Down to the last line, restate the records word for word, but not the pictures.

============

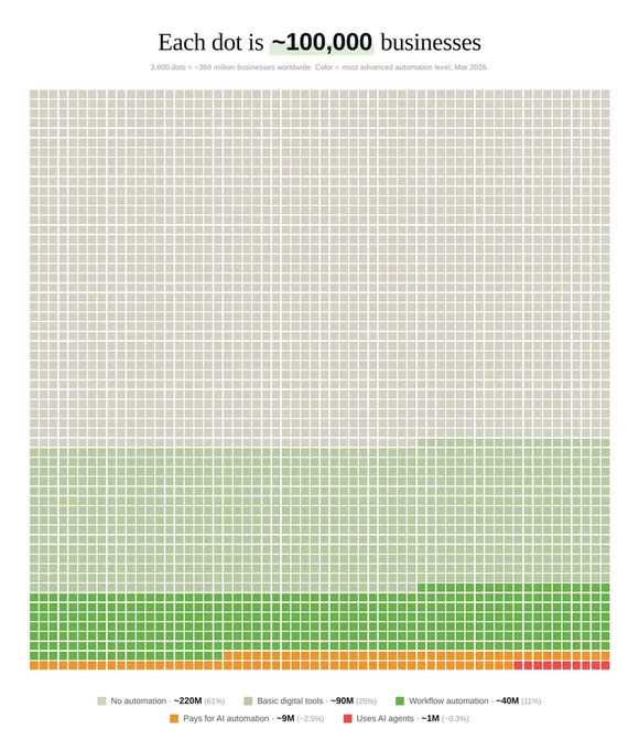 310 millions d'entreprises n'ont aucune automation. 50 millions en ont juste un bout. Environ 1 million de personnes savent vraiment livrer ce service à un niveau correct. Les chiffres viennent de Ronin (@DeRonin_), CEO de CloseAI, dans une roadmap de plus de 10 000 mots pour devenir AI Automation Builder en 6 mois.
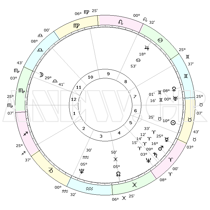 | | ΘΕΣΕΙΣ ΠΛΑΝΗΤΩΝ ΑΣΤΡΟΛΟΓΙΚΟΥ ΧΑΡΤΗ ΤΗΣ ΣΤΙΓΜΗΣ ΑΥΤΗΣ | | | | Πλανήτης | Ζώδιο | Μοίρες | Δεκαήμ. | Σε οίκο | Απόκλιση | | Ακμές των οίκων | | Ηλιος | Ταύρος | 10°23' | Δεύτερο | 6 | 14 N 56 | | 1ος | 12°14' | Σκορπιός | | Σελήνη | Ζυγός | 29°08' | Τρίτο | 12 | 14 S 54 | | 2ος | 11°29' | Τοξότης | | Ερμής | Κριός | 25°28' | Τρίτο | 6 | 08 N 02 | | 3ος | 14°38' | Αιγόκερως | | Αφροδίτη | Δίδυμοι | 07°58' | Πρώτο | 7 | 22 N 30 | | 4ος | 19°43' | Υδροχόος | | Αρης | Κριός | 16°10' | Δεύτερο | 5 | 05 N 32 | | 5ος | 22°17' | Ιχθείς | | Δίας | Καρκίνος | 18°53' | Δεύτερο | 9 | 22 N 29 | | 6ος | 19°40' | Κριός | | Κρόνος | Κριός | 09°14' | Πρώτο | 5 | 01 N 40 | | 7ος | 12°14' | Ταύρος | | Ουρανός | Δίδυμοι | 00°16' | Πρώτο | 7 | 20 N 02 | | 8ος | 11°29' | Δίδυμοι | | Ποσειδώνας | Κριός | 03°15' | Πρώτο | 5 | 00 N 05 | | 9ος | 14°38' | Καρκίνος | | Πλούτωνας | Υδροχόος | 05°30' | Πρώτο | 3 | 22 S 49 | | 10ος | 19°43' | Λέων | | Β. Δεσμός | Ιχθείς | 05°50' | Πρώτο | 4 | 09 S 22 | | 11ος | 22°17' | Παρθένος | | Ωροσκόπος | Σκορπιός | 12°14' | Δεύτερο | | | 12ος | 19°40' | Ζυγός | | Μεσουράνημα | Λέων | 19°43' | Δεύτερο | | | |
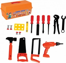 • Zestaw 34-elementowy: wiertarka, śrubokręt, piła, klucz, młotek, szczypce i różne elementy łączące.
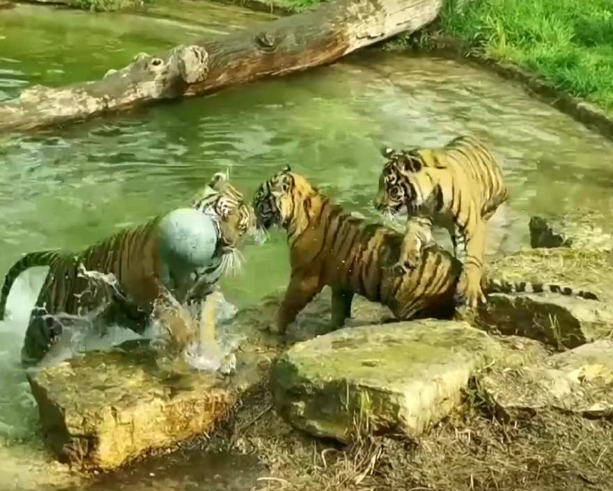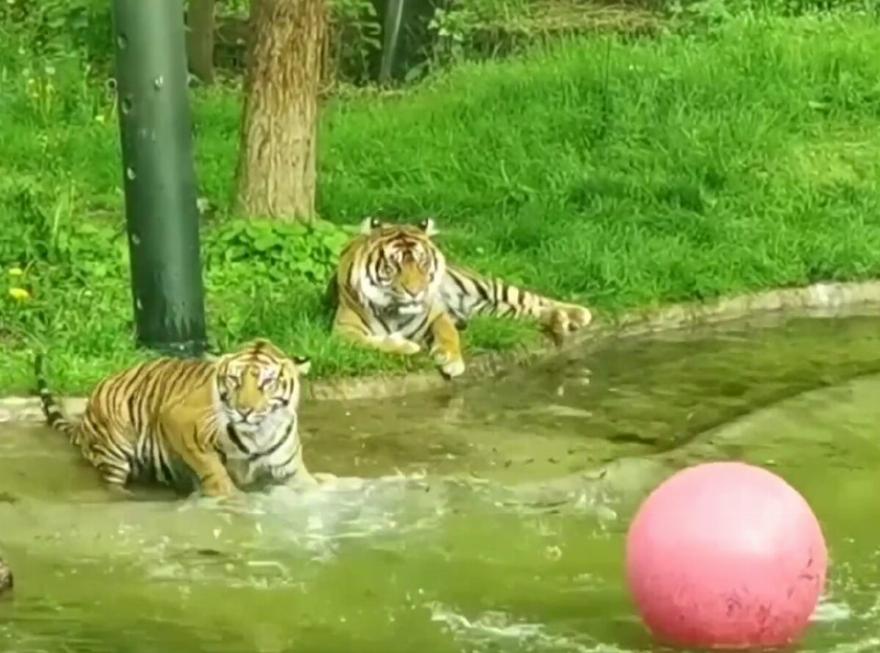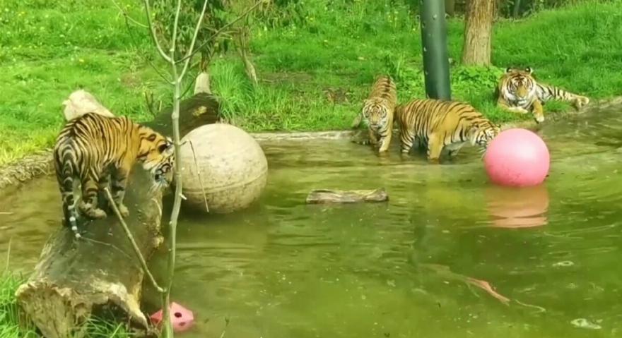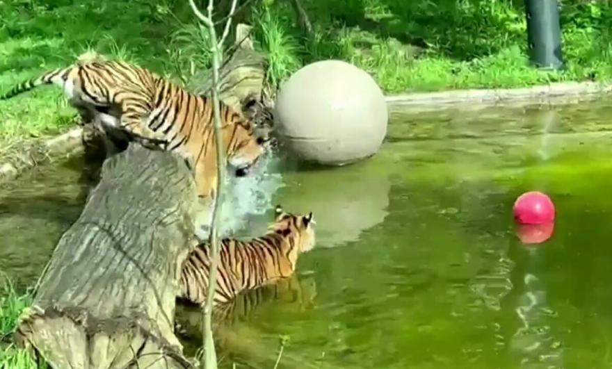 Όπως φαίνεται στο βίντεο, οι νεαρές τίγρεις εμφανίζονται αρχικά διστακτικές. Βέβαια, οι φύλακες του ζωολογικού κήπου έβαλαν πλαστικές μπάλες στη λίμνη.
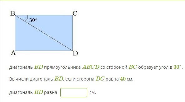 Диагональ BD прямоугольника ABCD со стороной BC образует угол в 30°.

============

Task result:
 310 millions d'entreprises n'ont aucune automation. 50 millions en ont juste un bout. Environ 1 million de personnes savent vraiment livrer ce service à un niveau correct. Les chiffres viennent de Ronin (@DeRonin_), CEO de CloseAI, dans une roadmap de plus de 10 000 mots pour devenir AI Automation Builder en 6 mois.
 | | ΘΕΣΕΙΣ ΠΛΑΝΗΤΩΝ ΑΣΤΡΟΛΟΓΙΚΟΥ ΧΑΡΤΗ ΤΗΣ ΣΤΙΓΜΗΣ ΑΥΤΗΣ | | | | Πλανήτης | Ζώδιο | Μοίρες | Δεκαήμ. | Σε οίκο | Απόκλιση | | Ακμές των οίκων | | Ηλιος | Ταύρος | 10°23' | Δεύτερο | 6 | 14 N 56 | | 1ος | 12°14' | Σκορπιός | | Σελήνη | Ζυγός | 29°08' | Τρίτο | 12 | 14 S 54 | | 2ος | 11°29' | Τοξότης | | Ερμής | Κριός | 25°28' | Τρίτο | 6 | 08 N 02 | | 3ος | 14°38' | Αιγόκερως | | Αφροδίτη | Δίδυμοι | 07°58' | Πρώτο | 7 | 22 N 30 | | 4ος | 19°43' | Υδροχόος | | Αρης | Κριός | 16°10' | Δεύτερο | 5 | 05 N 32 | | 5ος | 22°17' | Ιχθείς | | Δίας | Καρκίνος | 18°53' | Δεύτερο | 9 | 22 N 29 | | 6ος | 19°40' | Κριός | | Κρόνος | Κριός | 09°14' | Πρώτο | 5 | 01 N 40 | | 7ος | 12°14' | Ταύρος | | Ουρανός | Δίδυμοι | 00°16' | Πρώτο | 7 | 20 N 02 | | 8ος | 11°29' | Δίδυμοι | | Ποσειδώνας | Κριός | 03°15' | Πρώτο | 5 | 00 N 05 | | 9ος | 14°38' | Καρκίνος | | Πλούτωνας | Υδροχόος | 05°30' | Πρώτο | 3 | 22 S 49 | | 10ος | 19°43' | Λέων | | Β. Δεσμός | Ιχθείς | 05°50' | Πρώτο | 4 | 09 S 22 | | 11ος | 22°17' | Παρθένος | | Ωροσκόπος | Σκορπιός | 12°14' | Δεύτερο | | | 12ος | 19°40' | Ζυγός | | Μεσουράνημα | Λέων | 19°43' | Δεύτερο | | | |
 • Zestaw 34-elementowy: wiertarka, śrubokręt, piła, klucz, młotek, szczypce i różne elementy łączące.
 Όπως φαίνεται στο βίντεο, οι νεαρές τίγρεις εμφανίζονται αρχικά διστακτικές. Βέβαια, οι φύλακες του ζωολογικού κήπου έβαλαν πλαστικές μπάλες στη λίμνη.
 Диагональ BD прямоугольника ABCD со стороной BC образует угол в 30°.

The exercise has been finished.